[Stored items from a collection]
..........

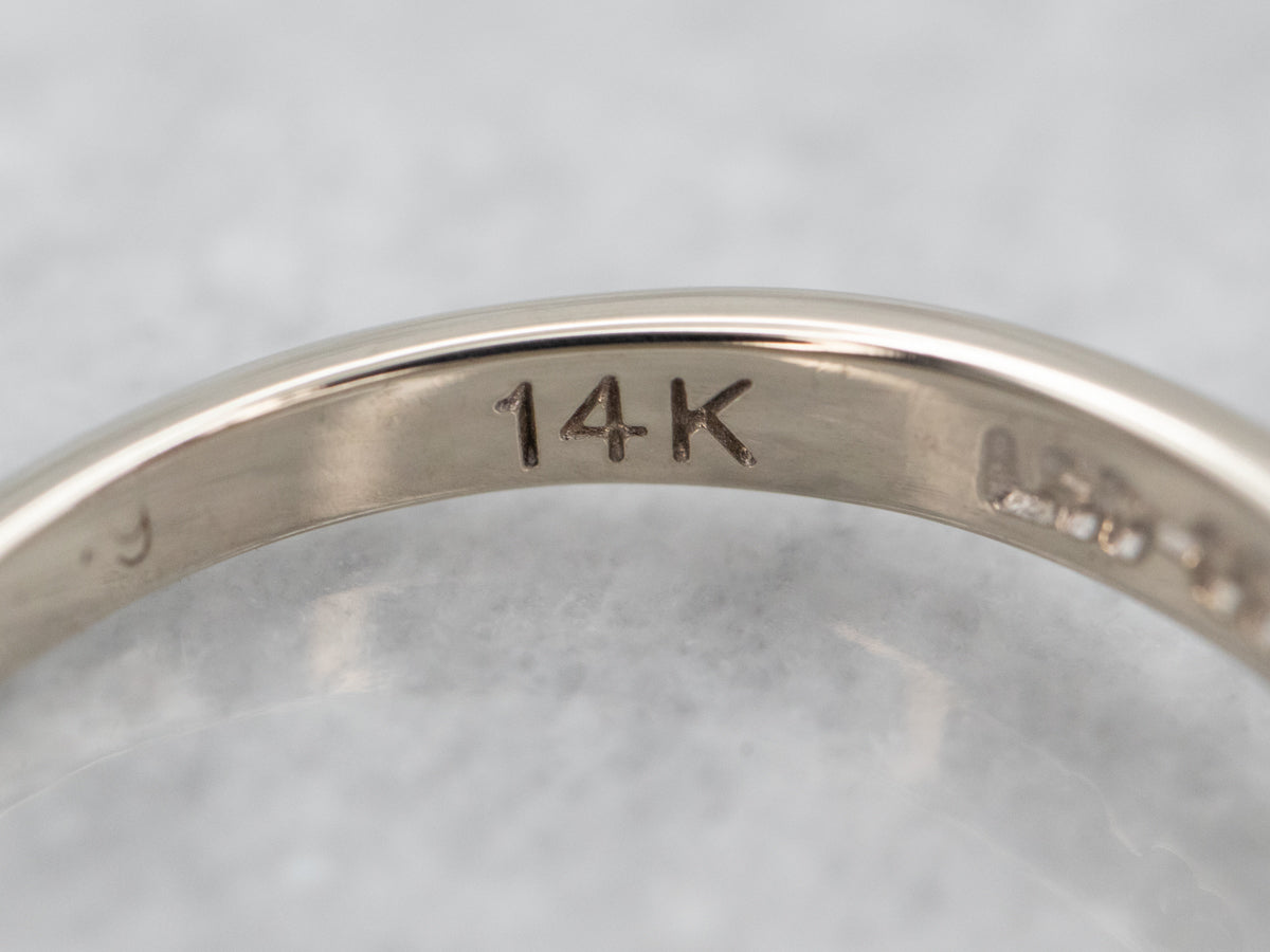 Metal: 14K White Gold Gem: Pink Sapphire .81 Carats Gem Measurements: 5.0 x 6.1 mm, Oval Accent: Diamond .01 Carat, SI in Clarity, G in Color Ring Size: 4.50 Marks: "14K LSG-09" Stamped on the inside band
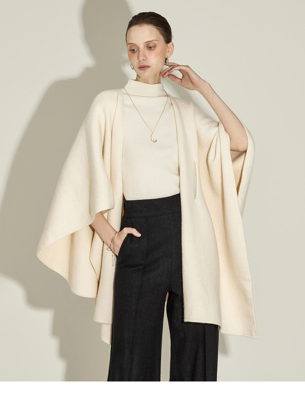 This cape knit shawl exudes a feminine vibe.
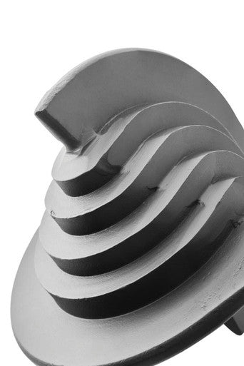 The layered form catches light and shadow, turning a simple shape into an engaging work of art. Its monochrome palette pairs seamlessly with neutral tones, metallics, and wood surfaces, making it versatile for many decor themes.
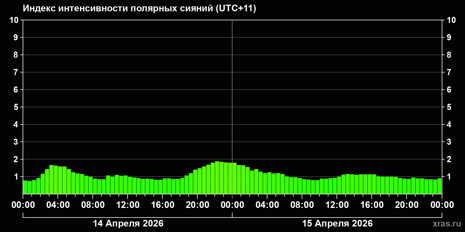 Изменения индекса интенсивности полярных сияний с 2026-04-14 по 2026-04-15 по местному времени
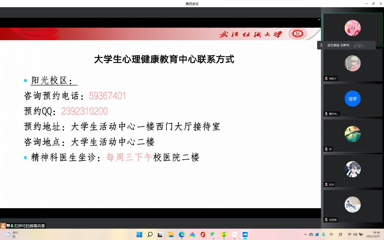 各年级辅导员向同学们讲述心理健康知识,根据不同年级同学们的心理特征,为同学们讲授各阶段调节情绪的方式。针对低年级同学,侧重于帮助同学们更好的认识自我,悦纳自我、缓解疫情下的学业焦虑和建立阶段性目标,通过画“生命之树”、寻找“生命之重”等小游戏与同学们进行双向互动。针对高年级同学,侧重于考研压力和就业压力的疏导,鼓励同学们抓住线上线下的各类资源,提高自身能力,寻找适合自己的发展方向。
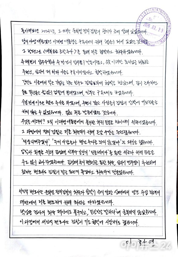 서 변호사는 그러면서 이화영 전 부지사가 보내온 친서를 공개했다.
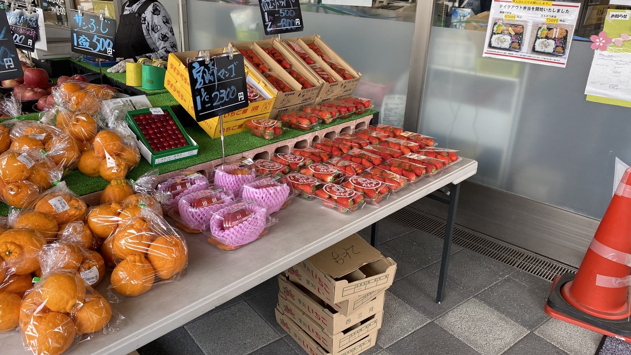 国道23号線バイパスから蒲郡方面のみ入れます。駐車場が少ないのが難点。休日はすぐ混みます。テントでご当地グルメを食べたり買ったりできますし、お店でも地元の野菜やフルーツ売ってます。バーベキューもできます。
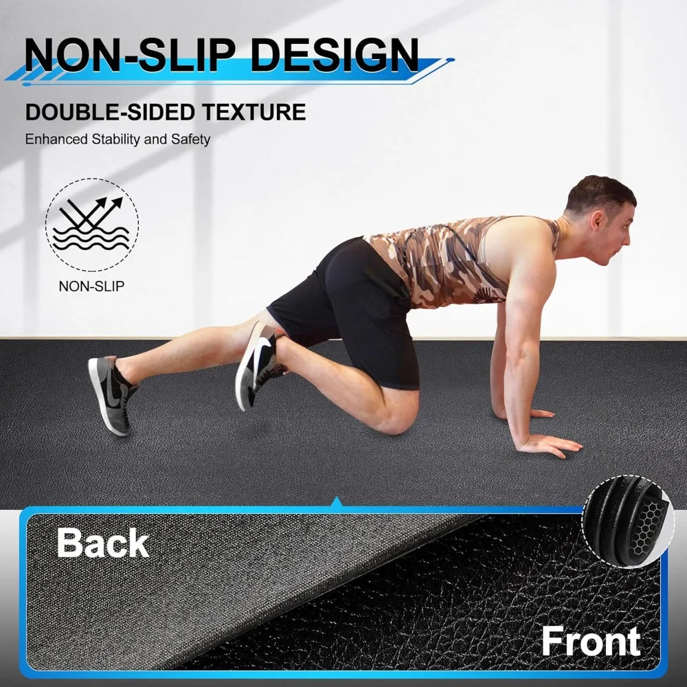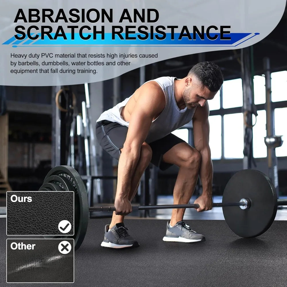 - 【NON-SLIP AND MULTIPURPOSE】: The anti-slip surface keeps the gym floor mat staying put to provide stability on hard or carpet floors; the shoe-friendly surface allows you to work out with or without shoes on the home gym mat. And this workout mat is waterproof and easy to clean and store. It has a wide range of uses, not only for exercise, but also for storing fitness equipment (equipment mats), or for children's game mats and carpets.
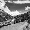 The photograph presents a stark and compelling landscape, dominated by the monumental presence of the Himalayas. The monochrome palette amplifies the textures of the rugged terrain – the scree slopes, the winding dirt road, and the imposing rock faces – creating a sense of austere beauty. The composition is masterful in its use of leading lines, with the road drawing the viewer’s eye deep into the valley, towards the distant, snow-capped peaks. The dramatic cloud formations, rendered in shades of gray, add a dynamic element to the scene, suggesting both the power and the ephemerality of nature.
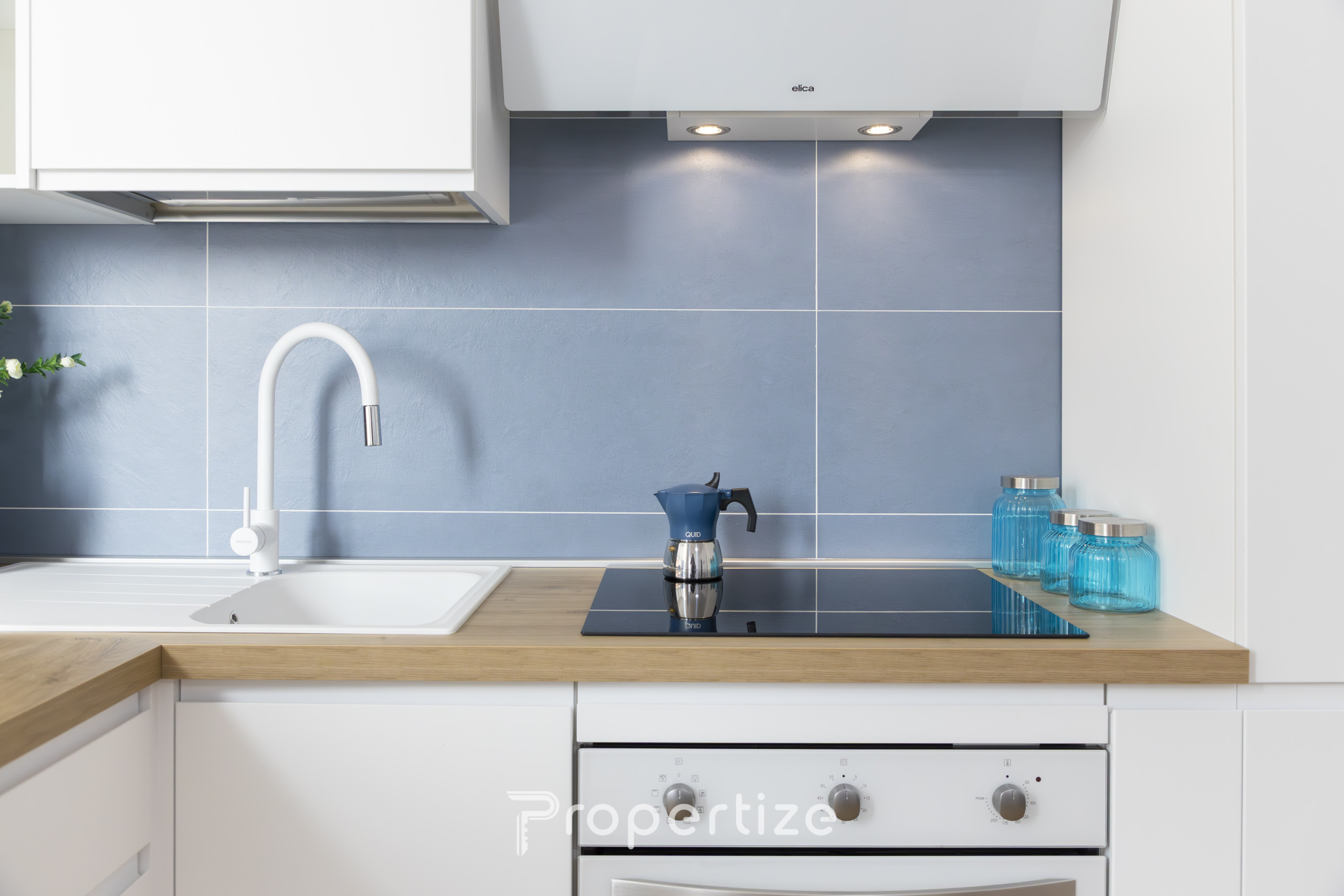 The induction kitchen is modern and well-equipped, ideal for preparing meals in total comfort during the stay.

..........

[WORK TASK]: Copy the lines above exactly, starting with the line that contains "Изменения индекса интенсивности" and ending with the line that contains "国道23号線バイパスから蒲郡", and leave out any pictures.

[SOLUTION TO THIS TASK]:
 Изменения индекса интенсивности полярных сияний с 2026-04-14 по 2026-04-15 по местному времени
 各年级辅导员向同学们讲述心理健康知识,根据不同年级同学们的心理特征,为同学们讲授各阶段调节情绪的方式。针对低年级同学,侧重于帮助同学们更好的认识自我,悦纳自我、缓解疫情下的学业焦虑和建立阶段性目标,通过画“生命之树”、寻找“生命之重”等小游戏与同学们进行双向互动。针对高年级同学,侧重于考研压力和就业压力的疏导,鼓励同学们抓住线上线下的各类资源,提高自身能力,寻找适合自己的发展方向。
 서 변호사는 그러면서 이화영 전 부지사가 보내온 친서를 공개했다.
 国道23号線バイパスから蒲郡方面のみ入れます。駐車場が少ないのが難点。休日はすぐ混みます。テントでご当地グルメを食べたり買ったりできますし、お店でも地元の野菜やフルーツ売ってます。バーベキューもできます。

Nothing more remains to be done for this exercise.